Enviromental action needs to merge with economic growth, not against it. This is something Bush needs to listen to Tony Blair on.
Science, however, can never prescribe a policy choice; it can just lay out policy options. But the more we learn about the climate, the more it is clear that our knowledge is just scratching the surface. The National Research Council, for instance, last year issued a complex but fascinating report that spelled out that we know very little about the various "forcings" on our climate system beyond the effect of greenhouse gases. It also pointed out that the global temperature metric may not be the best signal as to what is going on with the climate. If the scientific discovery process can be likened to a police investigation, then focusing policy attention on greenhouse gases is akin to finding a murder victim in a house with a broken window and picking up a usual suspect whose modus operandi involves breaking windows. Unwise though it may seem to those who are convinced they've got the right man, much more investigation is needed.
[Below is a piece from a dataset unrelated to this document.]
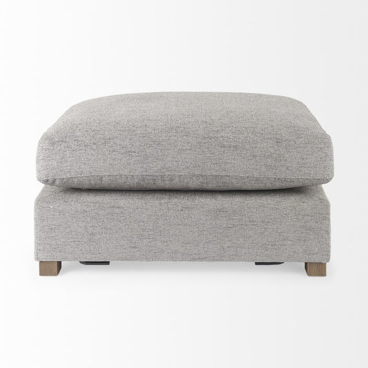 38" Gray Wool and Brown Ottoman

Just as it is becoming increasingly clear that mankind cannot fine tune the climate system it is also becoming clear that the Kyoto-style policy solution of reducing greenhouse gas emissions by means of binding targets is just as simple-minded. The vast majority of countries, recognizing the link between energy use and economic growth, have rejected any binding targets on them. Most of the countries that have accepted targets are now looking increasingly unlikely to meet them. The few countries that are likely to meet their targets are mostly Eastern European nations that have done it the old-fashioned way, by economic collapse. The United Kingdom, which had a huge head-start in emissions reduction since the benchmark date of 1990 thanks to Margaret Thatcher's victory over the coal mining unions, has seen itself knocked off course not just to meet its self-imposed target of additional emissions reductions but even its Kyoto obligations themselves.